ECLI:NL:RBLIM:2024:9074
Rechtbank Limburg
- Beschikking
- Rechtspraak.nl
Rechtsgeldig ontslag op staande voet na bedreigingen en chantage door werknemer
In deze zaak heeft de kantonrechter van de Rechtbank Limburg op 21 november 2024 uitspraak gedaan in een geschil tussen een werknemer, aangeduid als [verzoeker], en zijn werkgever, aangeduid als [verweerster]. De werknemer was ontslagen op staande voet op 9 juli 2024, na herhaaldelijke bedreigingen en chantage richting de werkgever, [naam eigenaar]. De werknemer had via WhatsApp dreigende berichten gestuurd waarin hij onder andere aangaf dat hij bij de werkgever voor de deur zou verschijnen als zijn salaris niet op tijd werd betaald.

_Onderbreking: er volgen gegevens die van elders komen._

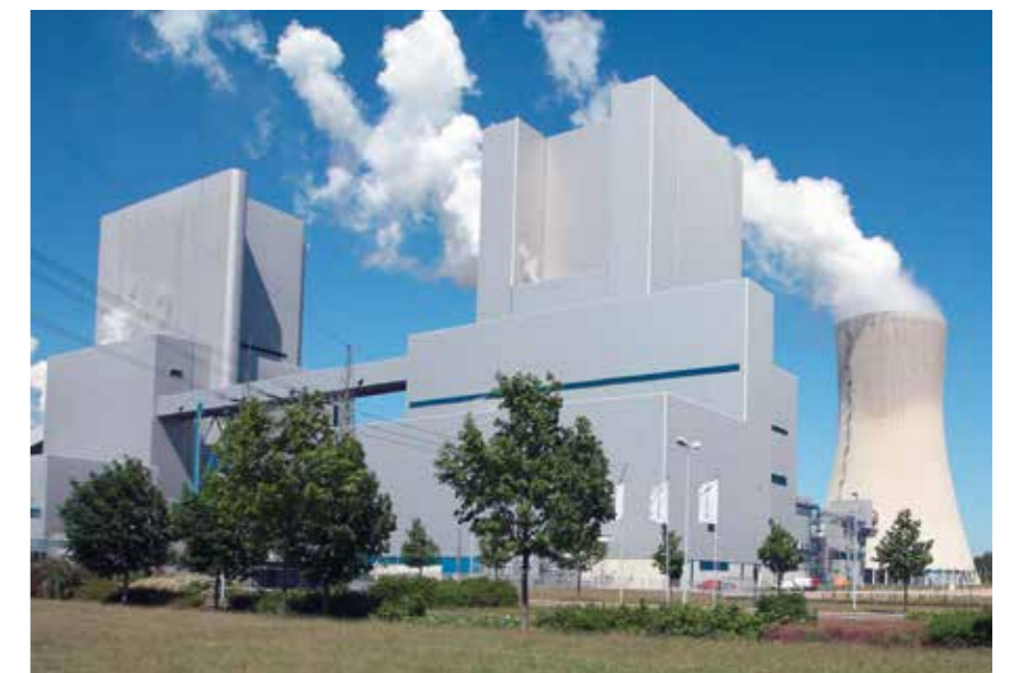
Im LEAG-Standort Boxberg in der Oberlausitz – zu DDR-Zeiten größtes Braunkohlekraftwerk – befindet sich heute mit dem 2012 in Betrieb genommenen Block R modernste Kraftwerkstechnik. Die Altanlagen wurden stillgelegt. Immer noch gehört Boxberg mit 2575 MW zu den Säulen der Stromerzeugung. Gleichzeitig liefert das Kraftwerk Fernwärme für die Stadt Weißwasser und die Gemeinde Boxberg.

Mit dem neuen Block 9 ist das Grosskraftwerk Mannheim mit insgesamt 2.146 MW das größte deutsche Steinkohlekraftwerk Deutschlands. Im Gegensatz zu Datteln IV ging der Neubau des Blocks 9, von kleineren üblichen Protestaktionen abgesehen, relativ geräuschlos über die Bühne. Dies ist für ein Großprojekt mit einer Investitionssumme von 1,2 Mrd. Euro bemerkenswert.

De kantonrechter oordeelde dat het ontslag op staande voet rechtsgeldig was, omdat de werknemer zich schuldig had gemaakt aan ernstig verwijtbaar handelen. De rechter stelde vast dat de werknemer niet alleen zelf bedreigingen had geuit, maar ook zijn partner had laten bijdragen aan de intimidatie. De kantonrechter wees de verzoeken van de werknemer om een verklaring voor recht dat het ontslag onterecht was, alsook de verzoeken om schadevergoeding en transitievergoeding af. Wel werd de werkgever veroordeeld om de loonspecificaties over een bepaalde periode te verstrekken en om de niet opgenomen verlofuren en vakantietoeslag te betalen. De proceskosten werden gecompenseerd, zodat iedere partij zijn eigen kosten droeg.